Wind back to the Mad Men era of the early 60's. Whitney Ruben, of Rubens Bakery in Brooklyn, New York, is discussing how to increase sales of Levy's rye bread. The bread was mainly consumed by Jewish immigrants, and this usage was reflected in the media strategy. The brand ran ads in the New York Post because it had 80% Jewish readership.
One approach would have been to focus on existing users and brand fans, and get them to eat the bread more often.
But Bill Bernbach, of ad agency DDB, had a better idea.

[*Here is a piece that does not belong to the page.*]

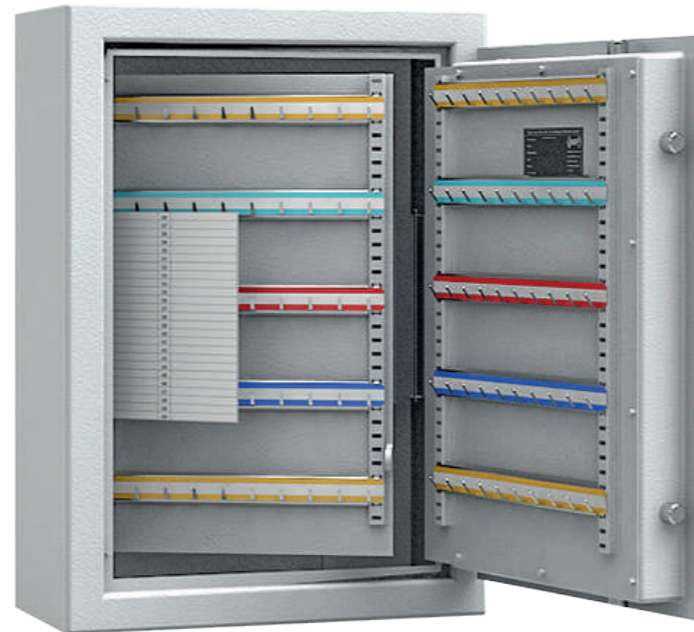
* Modell Subra 300

He suggested the key was to widen the user base and drive penetration: "You need to appeal to a wider audience than just immigrants. We need to get to the people who haven't tried it yet". Yup. Bill had grasped the importance of driving penetration not frequency, 40 years before Byron Sharp wrote about this in his book "How Brands Grow".
Here's some of the smart things Ruben and Bernbach did next.
1. Target new users: the media strategy was changed, with adverts placed in the food sections of The World-Telegram and The Journal-American to get to a broader user base.
2. Be distinctive: for the 1960's the Levy's ads were highly distinctive featuring a range of different ethnic minorities. This might not seem that brave now, but it was at the time as Dave explains, "This was the Mad Men era of advertising, Everyone, in all the ads, aspired to be a WASP (White, Anglo-Saxon, Protestant). Men were only shown wearing suits and ties, women wore pinafores and had pony tails, and all the children were blonde and freckled."
3. Embrace your brand truth: Bernbach suggested to embrace the brand's authenticity, not hide it, and re-name the brand. “We need to make it more ethnic, give it more credibility. We need to change the name to Levy’s Real Jewish Rye.” As Dave explains, the effect of this was "Sewing the doubt that not all rye bread was “Real Jewish Rye”.
4. Less is more: The Levy's campaign is a great reminder of the need for poster ads in particular to be really simple. These ads are so beautifully single minded, and free of small print.
In conclusion, there is a lot to learn from this little story. The need to drive penetration through a distinctive expression of your brand truth.